An exact transcript is required of the lines below, from the one containing "La semaine nationale" through the very last; leave every picture out of it.

▸ **DATASET CONTENT**
===

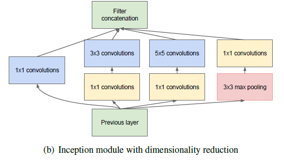 GoogLeNet은 inception module을 도입하여 다양한 크기의 filter를 병렬로 사용하여 computation을 감소시키고 성능을 향상시켰다. Inception module이란 서로 다른 size의 filter를 사용하여 여러개의 feature를 뽑아내고, 이를 하나로 합치는 역할을 수행한다.
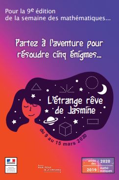 La semaine nationale des Mathématiques se déroulera du 9 au 15 mars 2020. Elle a pour objectif de de donner une image actuelle, vivante et attractive des mathématiques. Cette année la Semaine des mathématiques sera un événement majeur de l'Année des mathématiques et son thème sera "Mettons en scène les mathématiques".
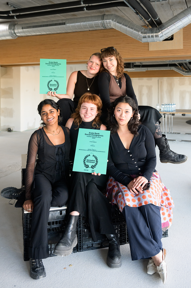 Nabila Ernada, Nomi Toirkens, Elna Aurand, Violeta Perez Hurtado, Caroline Holper and Phoebe Hotopf—brought their mobile kitchen project, Kiosk T//WASTE, to Vienna Design Week, where it won the tenth Stadtarbeit Social Design Award. The project aimed to both challenge our notions of food waste within industrial food systems by turning discarded ingredients into something not only edible but desirable. The group’s mobile kitchen roamed through Vienna’s third district, transforming rescued ingredi

===

▸ **EXERCISE SOLUTION**
 La semaine nationale des Mathématiques se déroulera du 9 au 15 mars 2020. Elle a pour objectif de de donner une image actuelle, vivante et attractive des mathématiques. Cette année la Semaine des mathématiques sera un événement majeur de l'Année des mathématiques et son thème sera "Mettons en scène les mathématiques".
 Nabila Ernada, Nomi Toirkens, Elna Aurand, Violeta Perez Hurtado, Caroline Holper and Phoebe Hotopf—brought their mobile kitchen project, Kiosk T//WASTE, to Vienna Design Week, where it won the tenth Stadtarbeit Social Design Award. The project aimed to both challenge our notions of food waste within industrial food systems by turning discarded ingredients into something not only edible but desirable. The group’s mobile kitchen roamed through Vienna’s third district, transforming rescued ingredi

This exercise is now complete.